Clearly, there is a slight correlation between the coefficient on time and the interaction term. This would provide evidence for some sort of an amplification effect. 

However, I'm not sure if it makes sense to view all SNPs together or if it would make sense to subset them based on the p-values output from the model. Specifically, it would also be interesting to look at the correlation of coefficients for some subset of "significant" SNPs, where at least one (or both) of the coefficients passes some liberal definition of "significant."

```{r}
int_model_signif_df <- int_model_df %>%
  dplyr::filter(pval_time_TN < .05 & pval_time_TN_int_HS < .05)
```

Now, we'll re-examine the plot.

```{r, cache=TRUE}
ggplot(int_model_signif_df, mapping = aes(x = coef_time_TN, y = coef_time_TN_int_HS)) +
  geom_point(size = .5) +
  geom_smooth(method = "lm") +
  ggtitle("cor = -5.2%")
```
I'm not sure I really believe that this negative correlation coefficient is reliable, especially because requiring both effects to be "significant" imposes a very particular structure on the data.

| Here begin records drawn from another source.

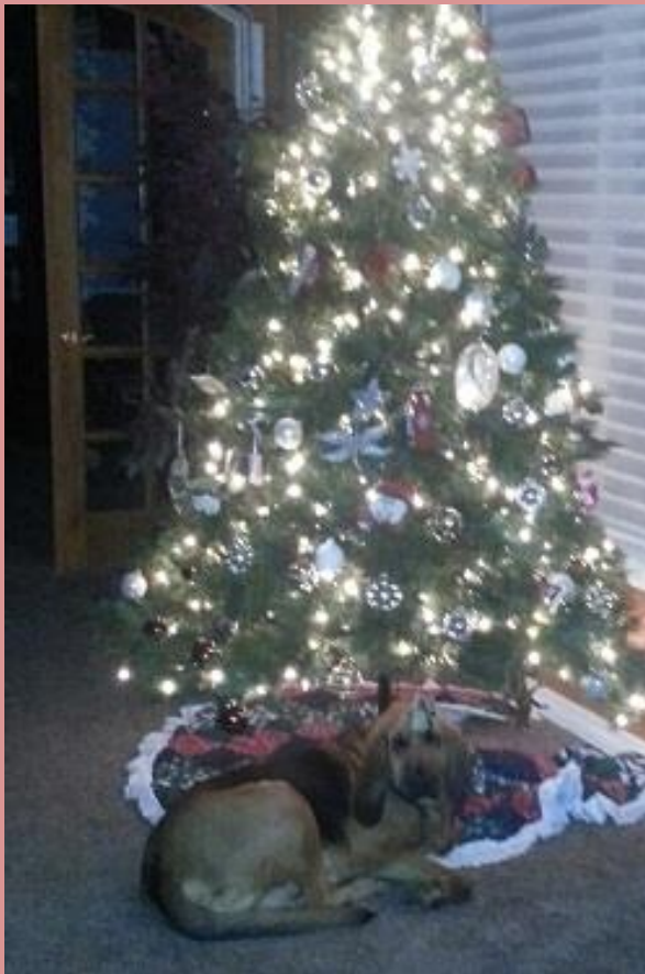
Boscoe just became a part of the family after the loss of their previous adoptee Beau. He is settling in and hasn't yet destroyed anything on the tree.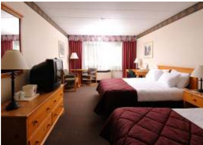
Standard Room: $114.99

The deadline for Hotel reservations is October 20 th , 2011.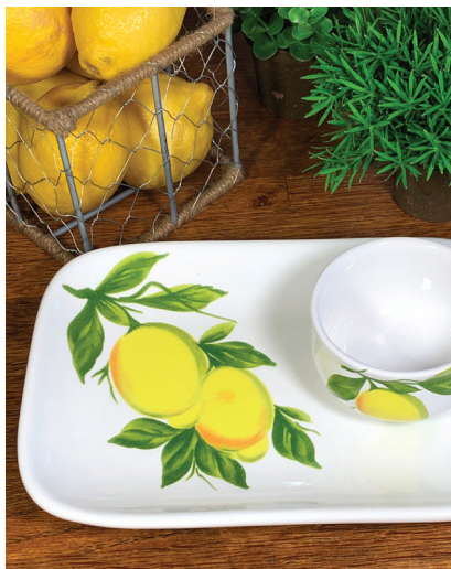
ABBIAMO TUTTO | C109

It would perhaps be interesting to also look at this plot in the case that at least one of the coefficients is "significant".

```{r}
int_model_signif_df3 <- int_model_df %>%
  dplyr::filter(pval_time_TN < .05 | pval_time_TN_int_HS < .05)
```

Now, we have a very high correlation, which is expected.

```{r}
ggplot(int_model_signif_df3, mapping = aes(x = coef_time_TN, y = coef_time_TN_int_HS)) +
  geom_point(size = .5) +
  geom_smooth(method = "lm") +
  ggtitle("cor = 17.2%")
```
This coheres much more closely with the amplification hypothesis. However, excluding the subset of data around 0 still makes me a bit uncomfortable (though it's probably fine).

One other possible method of analysis would involve taking a weighted correlation, where we look at the entire dataset but weight each observation by the inverse of the sum of the variances on the two relevant coefficients. 

```{r}
int_model_df <- int_model_df %>%
  dplyr::mutate(weight = 1 / (se_time_TN ^ 2 + se_time_TN_int_HS ^ 2))
```

```{r}
weights::wtd.cors(
  x = int_model_df$coef_time_TN_int_HS, 
  y = int_model_df$coef_time_TN,
  weight = int_model_df$weight
)
```

The correlation seems about the same here as in the overall dataset. 

So, overall it seems that the interaction model does lend some amount of credence to the amplification hypothesis. However, I'm not really sure the best way to subset the data to test this hypothesis. Once we determine this precisely, I think that it would also be good to construct a permutation test where we shuffle the interaction term to get a null distribution for the correlation coefficient. This would allow us to more precisely assess the magnitude of the correlation between the coefficients.